Task item >> The line containing "Breeze through summer" marks the end, so write out exactly every line from the top of the entries below through that one.

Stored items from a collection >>
-------------------------

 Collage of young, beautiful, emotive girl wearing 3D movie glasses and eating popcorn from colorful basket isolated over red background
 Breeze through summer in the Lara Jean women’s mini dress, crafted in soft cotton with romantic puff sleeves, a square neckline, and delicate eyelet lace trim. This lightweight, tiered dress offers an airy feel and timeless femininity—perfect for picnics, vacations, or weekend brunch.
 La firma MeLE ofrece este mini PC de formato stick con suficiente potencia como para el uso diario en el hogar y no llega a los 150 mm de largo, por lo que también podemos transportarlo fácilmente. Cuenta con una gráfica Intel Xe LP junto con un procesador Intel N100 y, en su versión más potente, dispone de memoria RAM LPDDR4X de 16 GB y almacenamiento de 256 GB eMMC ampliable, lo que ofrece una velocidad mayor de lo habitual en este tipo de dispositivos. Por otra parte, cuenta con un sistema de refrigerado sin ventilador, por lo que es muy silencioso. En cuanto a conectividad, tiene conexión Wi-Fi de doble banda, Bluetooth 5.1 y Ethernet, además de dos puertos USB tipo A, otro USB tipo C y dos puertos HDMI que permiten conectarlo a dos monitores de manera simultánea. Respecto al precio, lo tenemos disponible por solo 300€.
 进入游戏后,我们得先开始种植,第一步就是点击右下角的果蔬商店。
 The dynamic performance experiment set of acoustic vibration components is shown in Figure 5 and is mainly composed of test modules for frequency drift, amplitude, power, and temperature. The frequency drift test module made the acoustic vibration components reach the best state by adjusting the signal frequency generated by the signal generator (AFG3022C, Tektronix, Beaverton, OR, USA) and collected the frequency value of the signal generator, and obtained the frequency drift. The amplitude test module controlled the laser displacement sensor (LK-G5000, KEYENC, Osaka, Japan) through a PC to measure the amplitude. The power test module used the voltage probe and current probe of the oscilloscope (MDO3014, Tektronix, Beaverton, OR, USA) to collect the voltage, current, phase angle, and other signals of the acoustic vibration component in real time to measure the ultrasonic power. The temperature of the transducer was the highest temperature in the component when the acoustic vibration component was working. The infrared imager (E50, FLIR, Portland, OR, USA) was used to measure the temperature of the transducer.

-------------------------

The completed task >>
 Collage of young, beautiful, emotive girl wearing 3D movie glasses and eating popcorn from colorful basket isolated over red background
 Breeze through summer in the Lara Jean women’s mini dress, crafted in soft cotton with romantic puff sleeves, a square neckline, and delicate eyelet lace trim. This lightweight, tiered dress offers an airy feel and timeless femininity—perfect for picnics, vacations, or weekend brunch.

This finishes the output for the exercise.